Three-way airplane model control system with 2.4G communication mode

Abstract

The utility model provides an airplane model control system capable of conducting omnidirectional and long-distance transmission of signals without being interfered by the sunlight and other visible lights. The airplane model control system can transverse obstacles for data communication, and comprises a remote control transmitting control device and an airplane receiving control device which all work in the frequency band of 2.4 GHz and 83 communication channels are included; and each remote control transmitting control device has unique ID number, which will not be controlled and interfered due to the reason of same frequency, realizes a share port of multiple functions simultaneously on one main controller and can realize reduction of cost.

Description

TECHNICAL FIELD

The utility model belongs to the field of wireless communication control of a toy model, and particularly relates to a wireless radio-frequency communication control system of an airplane model.

BACKGROUND TECHNOLOGY

In various toy models with remote control functions, most of the existing toys adopt the traditional infrared or common low-frequency RF remote controllers such as 27 Mhz, 35 Mhz, 47 Mhz and the like, but undoubtedly, there are defects in the infrared remote control, for example, the communication can be conducted only by keeping the transmitting angle to be in 45 degree and close distance, and the results of communication interference or even failure under the interference of the sunlight and other visible lights and communication failure when obstacles are encountered and the like can be caused. In terms of the freedom of machine operation, two-way communication and elasticity of product design, the wireless radio frequency (RF) remote control is far more than the infrared remote control, but the common low-frequency RF remote controller only has three communication IDs with the same communication frequency, and is very easy to generate same frequency interference in the use process while having a plurality of models; and the transmission rate of system data is low, the response of the airplane can be more lagged than the control action, and the common RF type remote control airplane models are all restricted without breaking through restriction.

SUMMARY OF THE INVENTION

The utility model aims at providing airplane model control system capable of conducting omnidirectional and long-distance transmission of signals without being interfered by the sunlight and other visible lights. The airplane model control system can transverse obstacles for data communication simultaneously, will not be controlled and interfered due to the reason of same frequency, realizes a share port of multiple functions simultaneously on one main controller and can realize reduction of cost.

The three-way airplane model control system of the utility model comprises two parts, namely the remote control transmitting device and the airplane receiving control device, wherein the remote control transmitting device comprises the joystick input end, the status indicating lamp and the first memory which are respectively connected with the first MCU; and the airplane receiving control device comprises the control signal output end, the LED indicating lamp and the second memory which are respectively connected with the second MCU. The remote control transmitting device further comprises the 2.4 G radio-frequency (RF) transmitting module, the pairing key and the fine tuning key which are respectively connected with the MCU. The airplane receiving control device further comprises the 2.4 G radio-frequency (RF) receiving module and the gyroscope which are respectively connected with the MCU.

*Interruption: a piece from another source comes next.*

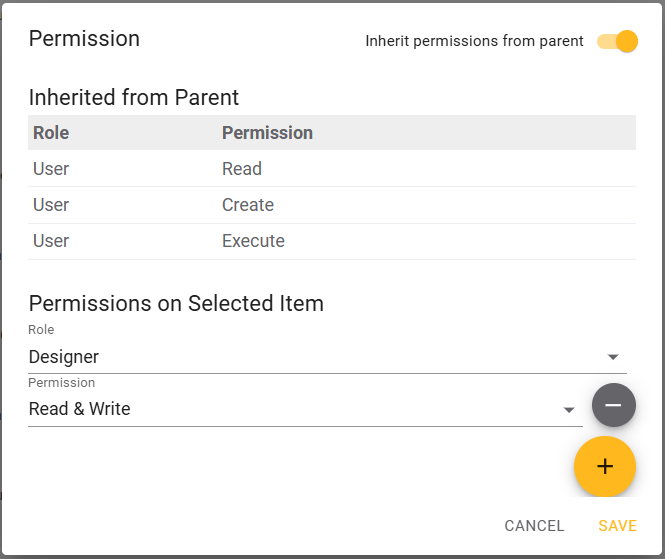 The top part of the modal show inherited permissions, while the bottom part shows the permissions that are set specifically for this entity. The inherited permissions are shown as read-only format and cannot be modified directly. If you want to change the inherited permissions, you need to modify the permissions at the parent level in the directory.

The fine tuning key comprises two keys, wherein one end of the first key is connected with the first I/O port of the first MCU, and the other end thereof is grounded; one end of the second key is connected with the first I/O port of the first MCU, and the other end thereof is connected with a power supply end by a resistor.

The cathode of the status indicating lamp is connected with the power supply end by the resistor, the anode thereof is grounded by a triode, and the base of the triode is connected with the SDA end of the first MCU.

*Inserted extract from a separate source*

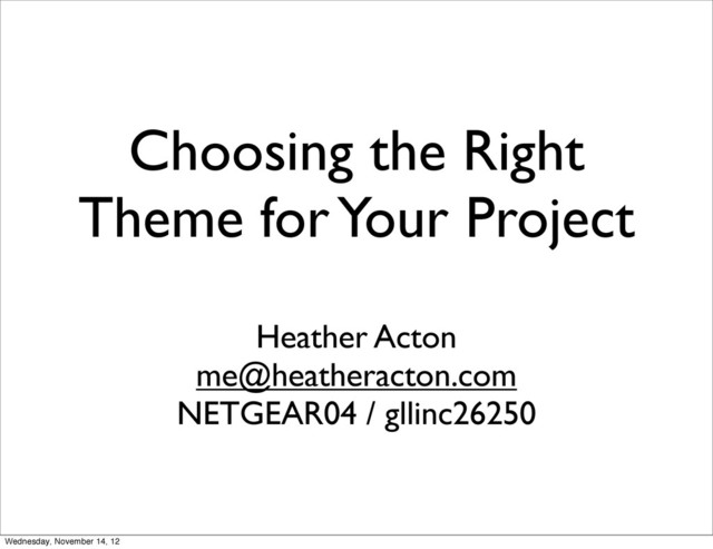 http://wordpress.org/extend/themes • Premium themes & child themes • StudioPress, WooThemes, Theme Trust, Elegant Themes • Theme frameworks • Pagelines, Genesis, Headway • Starter themes • Underscores, Twenty Twelve (or Eleven or Ten), Toolbox Wednesday, November 14, 12
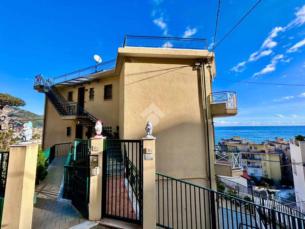 In posizione dominante con vista panoramica sul golfo, bilocale in ottime condizioni a 200metri dalle spiagge.

The LED indicating lamp and the battery power end in the airplane receiving control device are respectively connected to the LED indicating control end in the second MCU by a resistor.

The 2.4 G radio-frequency (RF) transmitting module and the 2.4 G radio-frequency (RF) receiving module work in the frequency band of 2.4 GHz, 83 communication channels are included, each channel occupies 1 Mhz bandwidth, the working frequency of each communication channel is different, and each remote control transmitting device has the unique ID number; during the pairing, the communication parameters of the remote control transmitting device are matched with the communication parameters of the airplane receiving control device, then the airplane receiving control device only receives the signals transmitted from the paired remote control transmitting device and ignores the signals transmitted by other remote control transmitting control devices.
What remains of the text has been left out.